Marcos, o autor da primeira narrativa do Novo Testamento, apresenta Jesus a fazer
um noticiário sobre a alegria - Evangelho de Deus - para fundar as razões da nossa
esperança, um futuro aberto: o seu Reino está próximo. Exige, porém, dos
destinatários, uma viragem radical: convertei-vos e acreditai na alegria (Mc 1, 14-
15). A tristeza e o sofrimento não fazem parte do seu programa.

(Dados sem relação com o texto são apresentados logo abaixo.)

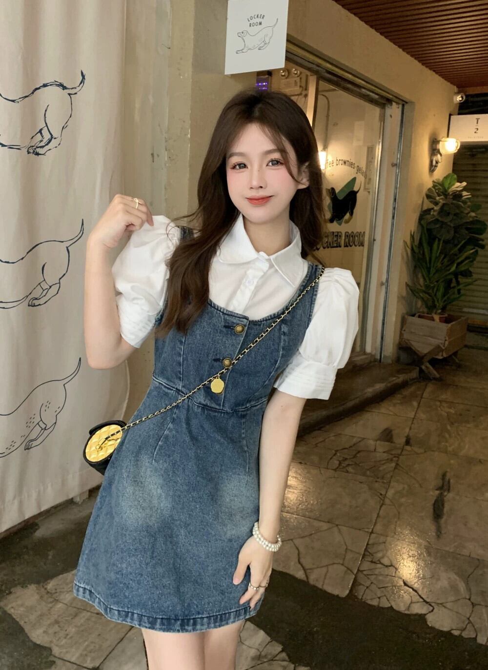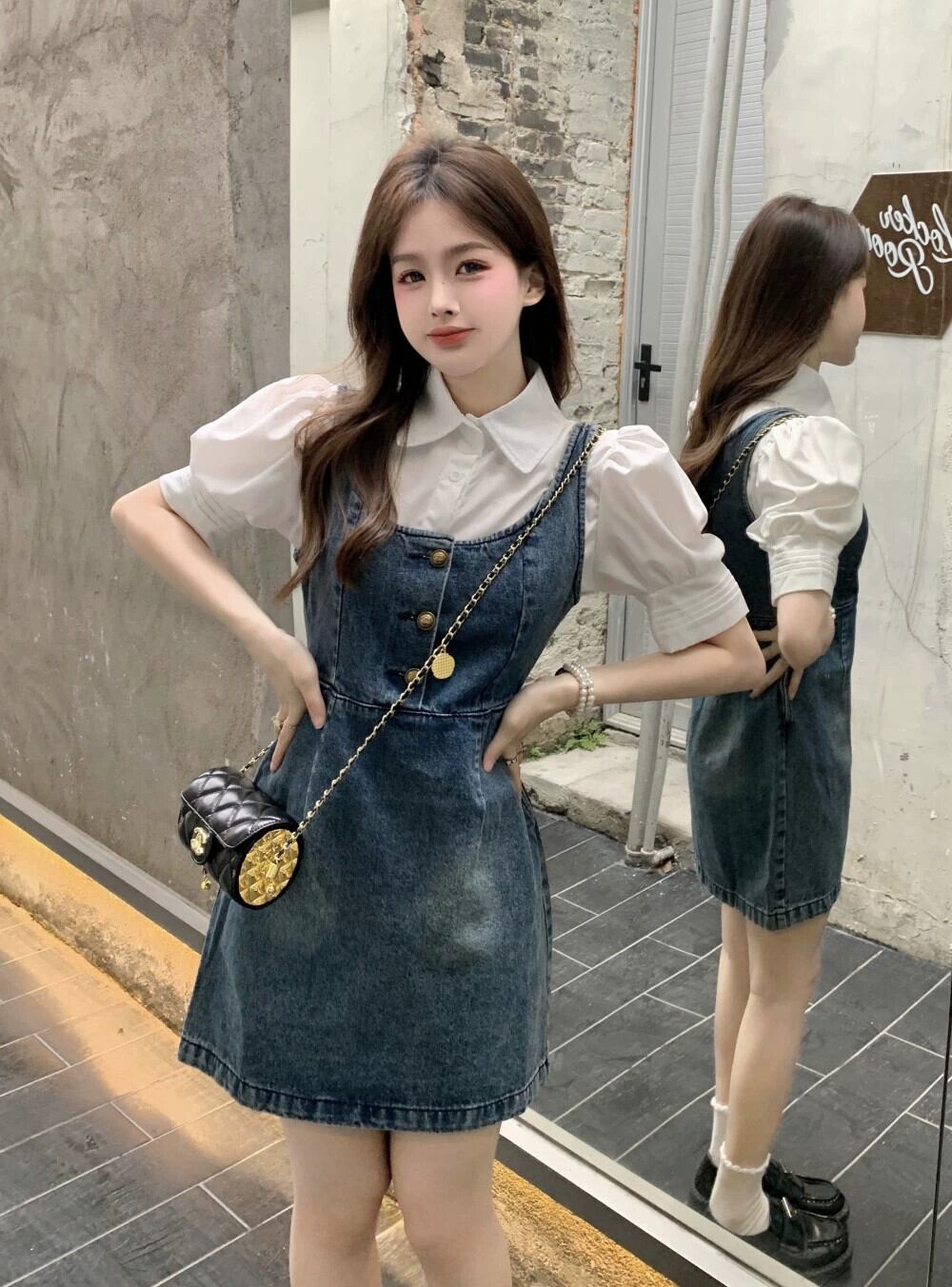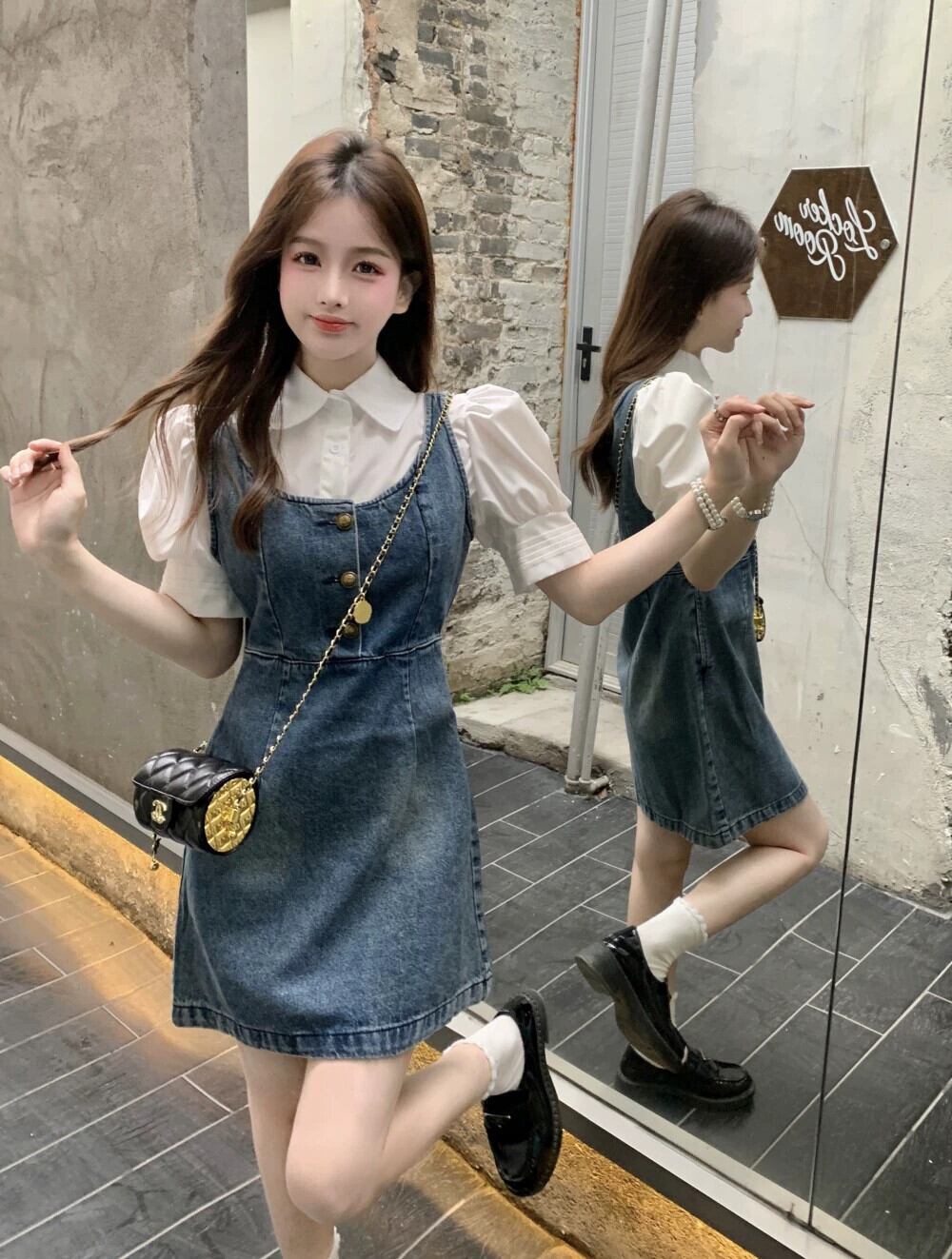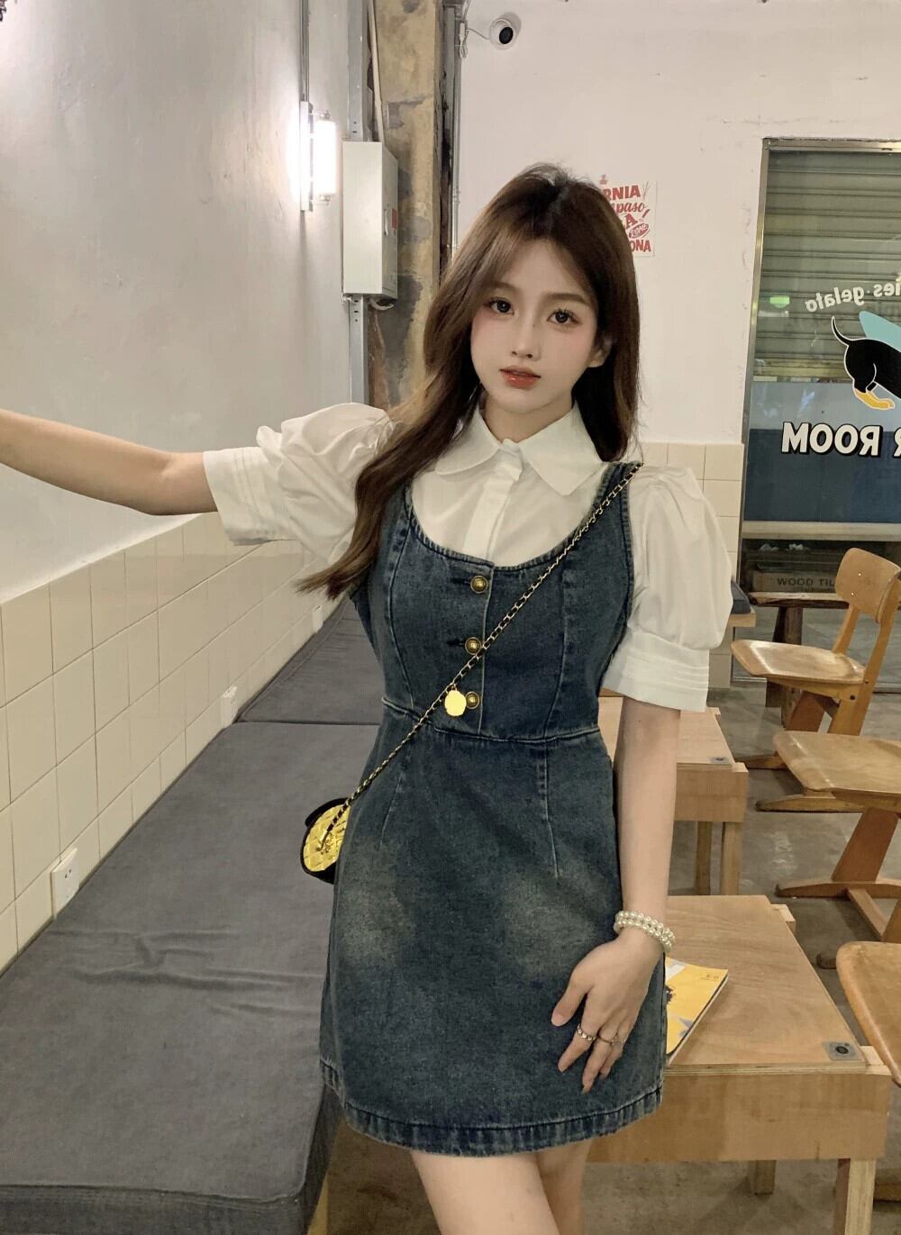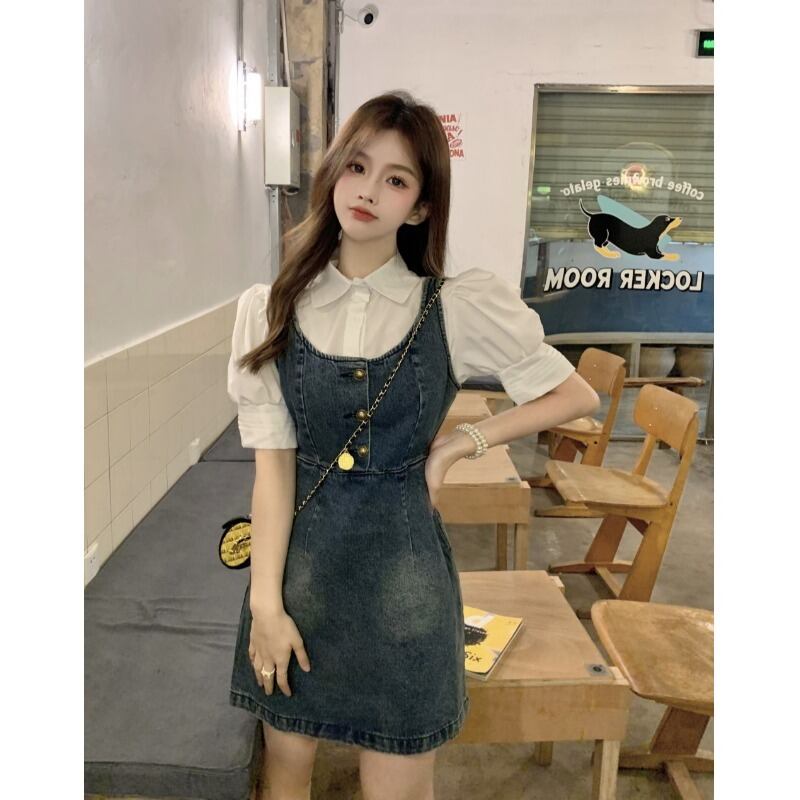 センスボタンサスペンダードレス女性の夏の2023新しい気質スリムウエストデニムスカート サマー 夏物 0921959296761384

O próprio Jesus, durante a sua intervenção e vendo o desânimo de tanta gente
deprimida, tem esta exclamação: vinde a mim vós todos que andais acabrunhados
e eu vos aliviarei (Mt 11, 28-30).
3. Mais dia menos dia, a morte virá. A sabedoria deste mundo diz que as
separações serão sem retorno. Se assim for, as alegrias que vamos tendo - por
mais autênticas que sejam - acabam por servir, apenas, para enganar uma tristeza
sem apelo. Creio, pelo contrário, que em Deus há memória e coração para todos,
redenção para todos os injustiçados da terra. Mais ainda: acredito que teremos um
novo, misterioso e bom contacto com tudo e com todos, mesmo com aqueles que
nunca conhecemos e com todos os mundos que nunca vimos. Paulo tem razão:
comecemos já a viver e a sonhar com a alegria.